Rupert Chawner Brooke (3 August 1887 – 23 April 1915) was an English poet known for his idealistic war sonnets written during the First World War, especially "The Soldier". He was also known for his boyish good looks, which were said to have prompted the Irish poet W. B. Yeats to describe him as "the handsomest young man in England".

Early life

Brooke was born at 5 Hillmorton Road, Rugby, Warwickshire, and named after a great-grandfather on his mother's side, Rupert Chawner (1750–1836), a distinguished doctor descended from the regicide Thomas Chaloner (the middle name has however sometimes been erroneously given as "Chaucer"). He was the third of four children of William Parker "Willie" Brooke, a schoolmaster (teacher), and Ruth Mary Brooke, née Cotterill, a school matron. Both parents were working at Fettes College in Edinburgh when they met. They married on 18 December 1879. William Parker Brooke had to resign after the couple wed as there was no accommodation there for married masters. The couple then moved to Rugby in Warwickshire where Rupert's father became Master of School Field House at Rugby School a month later. His eldest brother was Richard England "Dick" Brooke (1881–1907), his sister Edith Marjorie Brooke was born in 1885 and died the following year, and his youngest brother was William Alfred Cotterill "Podge" Brooke (1891–1915).

Brooke attended preparatory (prep) school locally at Hillbrow, and then went on to Rugby School. At Rugby he was romantically involved with fellow pupils Charles Lascelles, Denham Russell-Smith and Michael Sadleir. In 1905, he became friends with St. John Lucas, who thereafter became something of a mentor to him.

In October 1906 he went up to King's College, Cambridge to study classics. There he became a member of the Apostles, was elected as president of the university Fabian Society, helped found the Marlowe Society drama club and acted, including in the Cambridge Greek Play.

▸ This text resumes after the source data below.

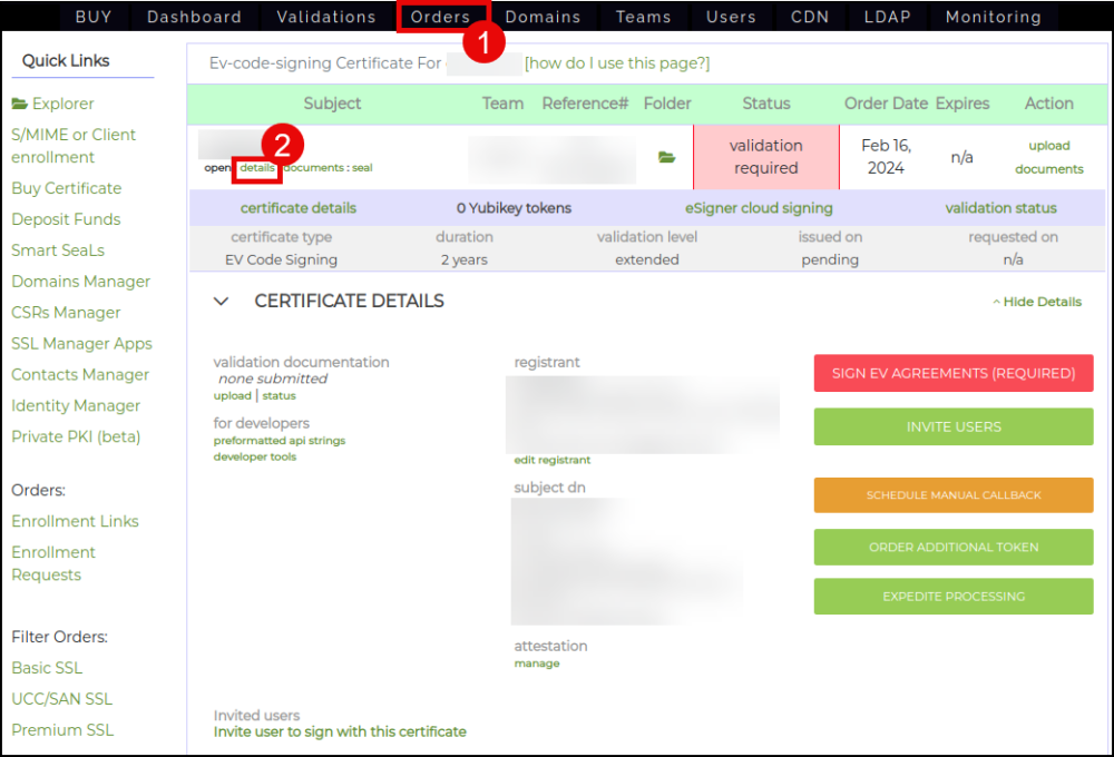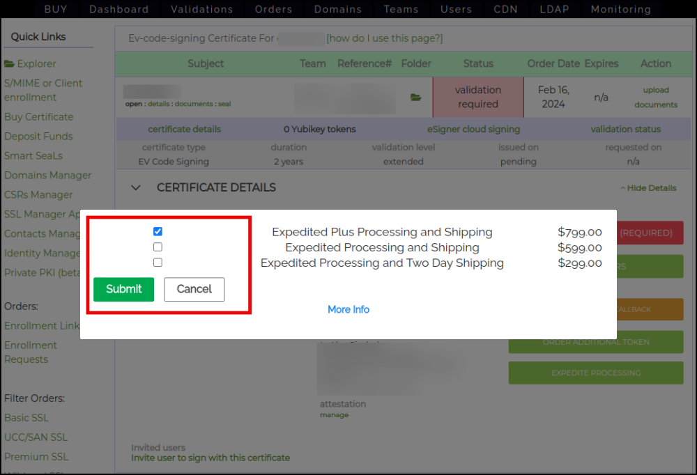1.On the Orders tab of your SSL.com customer account, select the unvalidated order you wish to put up for expedited processing and shipping and click the details link to display the information about the order.
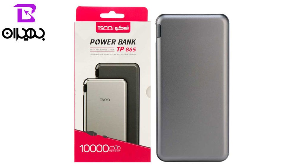 شارژر همراه تسکو مدل TP 865 یک باتری لیتیوم پلیمری با ظرفیت ۱۰۰۰۰ میلی آمپر ساعت دارد که با دو عدد درگاه خروجی USB با شدت جریان های خروجی ۱٫۰ و ۲٫۱ آمپر، امکان شارژ همزمان دو دستگاه را به شما می دهد. ولتاژ ورودی و خروجی این پاوربانک ۵٫۰ ولت و شدت جریان ورودی آن ۲٫۰ آمپر است. این محصول ۹ تا ۱۱ ساعت زمان برای شارژ شدن نیاز دارد و میزان شارژ آن توسط نشانگر LED تعبیه شذه روی آن نمایش داده می شود.
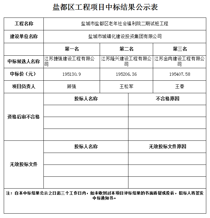 鹽城市鹽都區(qū)老年社會福利院二期試樁工程中標結(jié)果公示
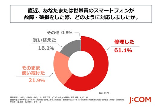 スマートフォンの故障・破損を受けて、6割の人は修理し、2割の人はそのまま使用している
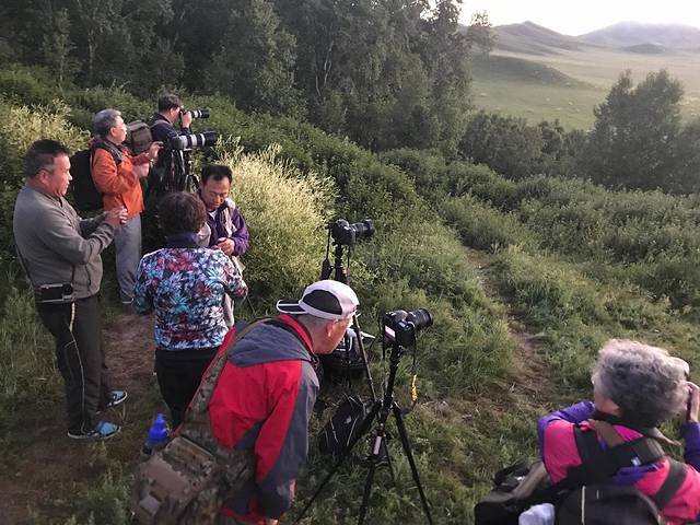 游客站在山坡上,山坡下是一条土路的跑马道。等到六点半左右,几十匹马被放出来准备就绪,但是马群并没有完全按照马道在跑,很多马跑到了山坡上,把观看的游客吓得直往山顶上跑。而且很多马并不是很愿意跑这一圈,一边慢慢溜达一边低头吃草。。。
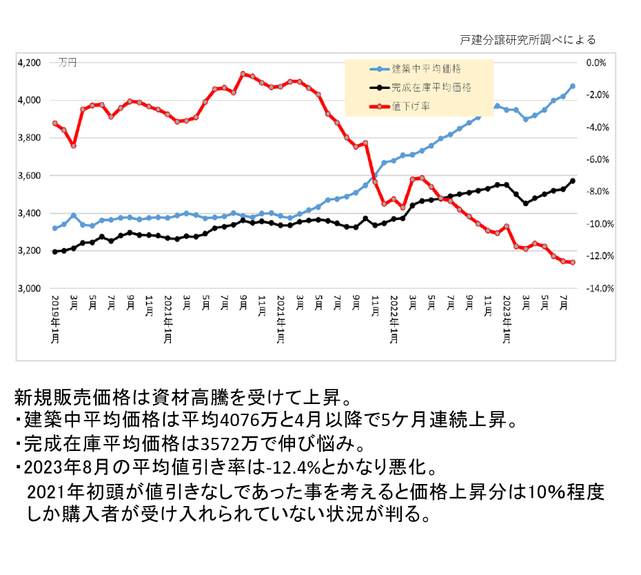 昨今の資材高騰を受けて価格に転嫁した新築価格設定を行うものの、実際の成約は伸び悩み。

The friendships he made at school and university set the course for his adult life, and many of the people he met—including George Mallory—fell under his spell. Virginia Woolf told Vita Sackville-West that she had gone skinny-dipping with Brooke in a moonlit pool when they were in Cambridge together. In 1907, his older brother Dick died of pneumonia at age 26. Brooke planned to put his studies on hold to help his parents cope with the loss of his brother, but they insisted he return to university.

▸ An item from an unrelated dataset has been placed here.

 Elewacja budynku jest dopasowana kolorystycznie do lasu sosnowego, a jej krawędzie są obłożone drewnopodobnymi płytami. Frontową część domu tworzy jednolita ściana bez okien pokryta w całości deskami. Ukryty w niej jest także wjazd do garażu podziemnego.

There is a blue plaque at The Orchard where he lived and wrote. The words read  thus« Rupert Brooke Poet & Soldier 1887-1915 Lived and wrote at The Orchard 1909–1911, and at The Old Vicarage 1911-1912 »

Life and career

Brooke made friends among the Bloomsbury group of writers, some of whom admired his talent while others were more impressed by his good looks. He also belonged to another literary group known as the Georgian Poets and was one of the most important of the Dymock poets, associated with the Gloucestershire village of Dymock where he spent some time before the war. This group included both Robert Frost and Edward Thomas. He also lived at the Old Vicarage, Grantchester, which stimulated one of his best-known poems, named after the house, written with homesickness while in Berlin in 1912. While travelling in Europe he prepared a thesis, entitled "John Webster and the Elizabethan Drama", which earned him a fellowship at King's College, Cambridge, in March 1913.

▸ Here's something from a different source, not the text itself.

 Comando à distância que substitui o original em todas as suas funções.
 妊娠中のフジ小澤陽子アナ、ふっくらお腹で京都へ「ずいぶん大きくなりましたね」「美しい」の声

Brooke had his first heterosexual relationship with Élisabeth van Rysselberghe, daughter of painter Théo van Rysselberghe. They met in 1911 in Munich. His affair with Elisabeth came closest to be consummated than any other he ever had so far. It is possible that the two became lovers in a "complete sense" in May 1913 in Swanley. It was in Munich, where he had met Elisabeth, that a year later he finally succeeded in having intercourse with Ka Cox (Katherine Laird Cox).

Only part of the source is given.